== Segment start ==

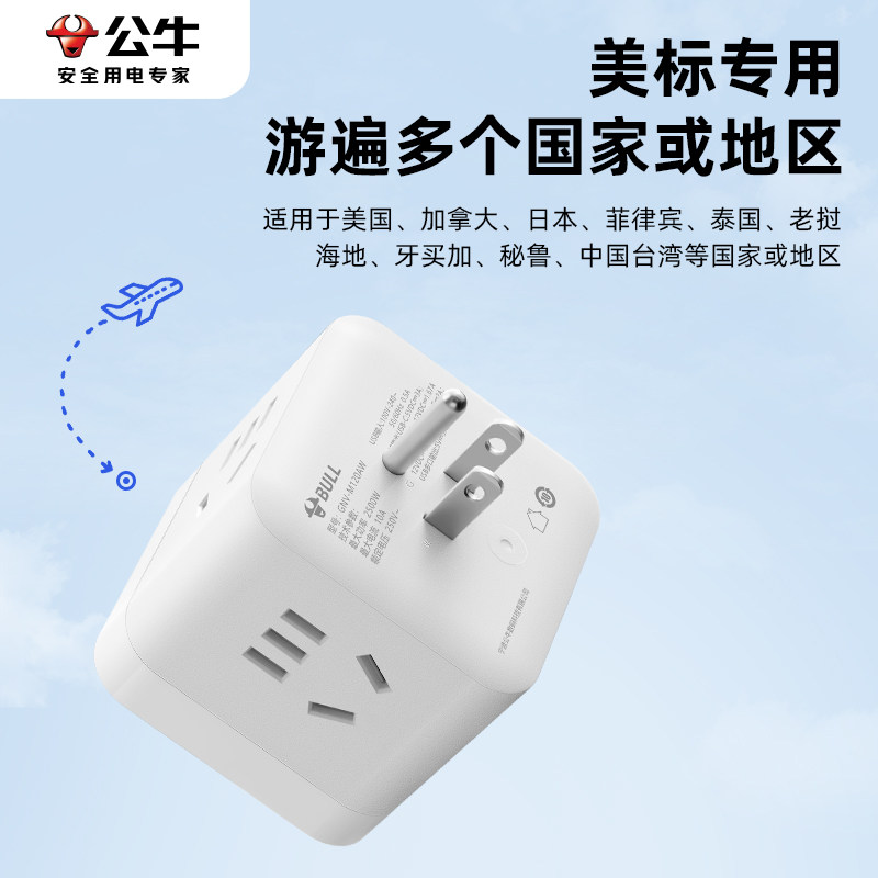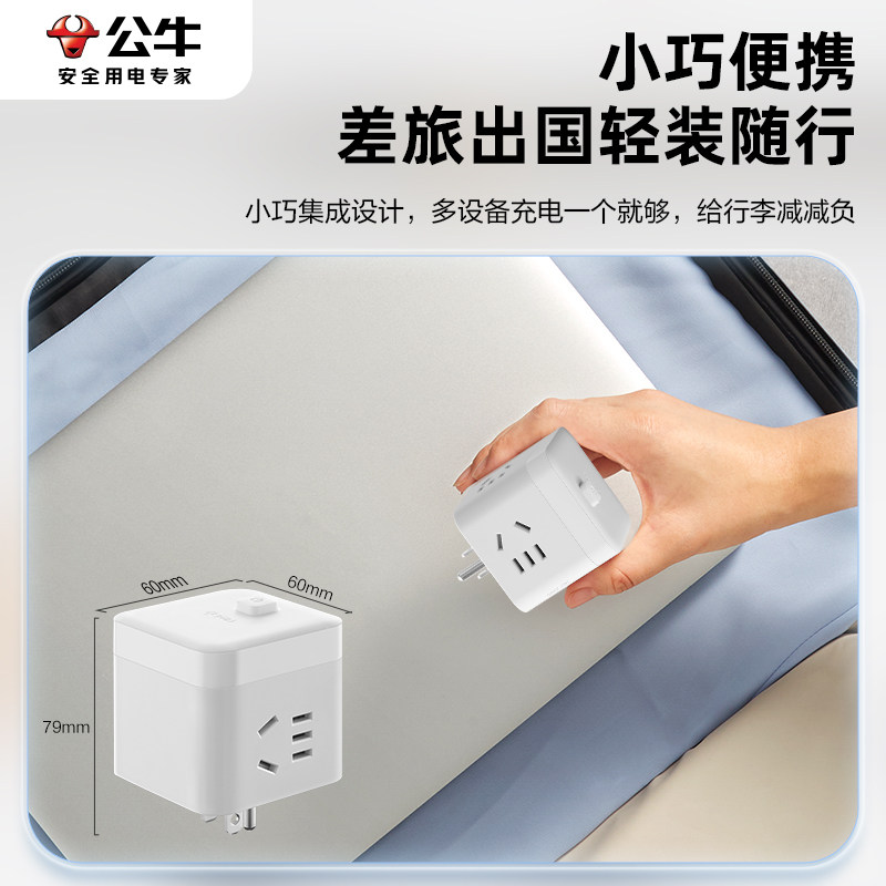 天猫公牛美标转换插头迷你总控魔方插座出国旅行一转多拓展无线转换器
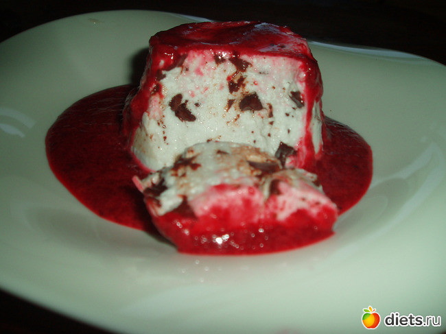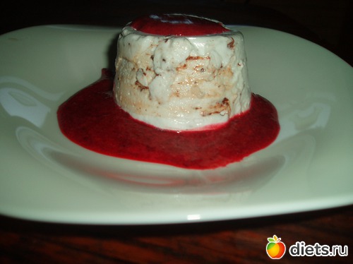 Достать формочки, провести по краям формы ножом, перевернуть формочку на тарелку чуть стукнув (у меня прекрасно все вышло). Полить соусом и наслаждаться.
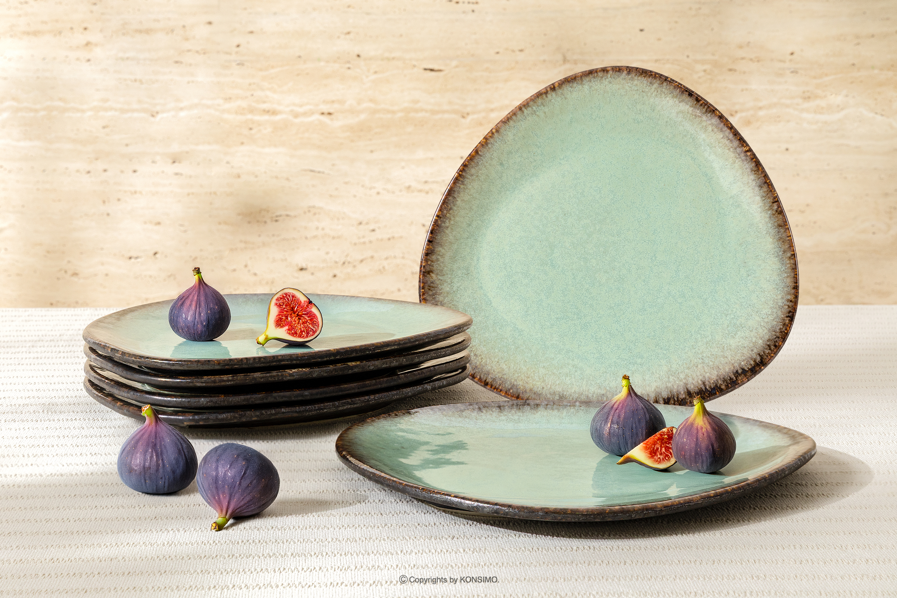 produktu Ručne glazovaný keramický jedálenský tanier 6 kusov šalviová farba
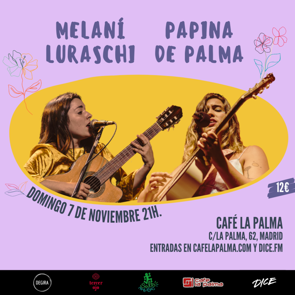 Las cancionistas uruguayas Melaní Luraschi y Papina de Palma regresan a Madrid con sus melodías frescas del sur, que entremezclan raíces del candombe y la guitarra criolla con melodías pop y la cadencia única del sonido rioplatense.
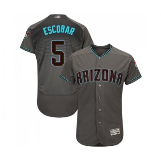>Men's Arizona Diamondbacks #5 Eduardo Escobar Gray Teal Alternate Authentic Collection Flex Base Baseball Jersey
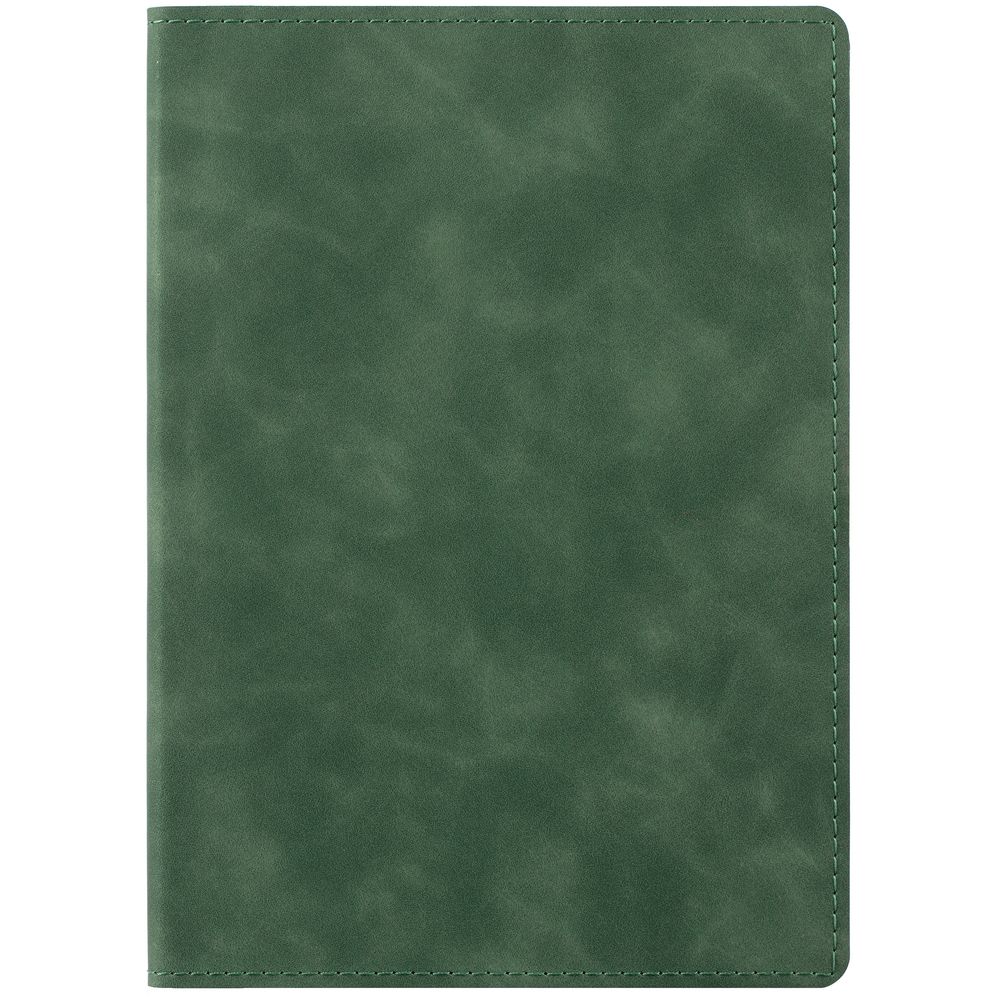 Ежедневник с гибкой обложкой, выполнен из материала Nubuck Touch, зеленый FF, дополнен ляссе темно-зеленого цвета.

== Segment end ==

WORK REQUIRED:
Give back exactly the lines from the line with "Base Baseball Jersey" through the end of the records, both included; keep all pictures out.

RESULT FOR THIS EXERCISE:
>Men's Arizona Diamondbacks #5 Eduardo Escobar Gray Teal Alternate Authentic Collection Flex Base Baseball Jersey
 Ежедневник с гибкой обложкой, выполнен из материала Nubuck Touch, зеленый FF, дополнен ляссе темно-зеленого цвета.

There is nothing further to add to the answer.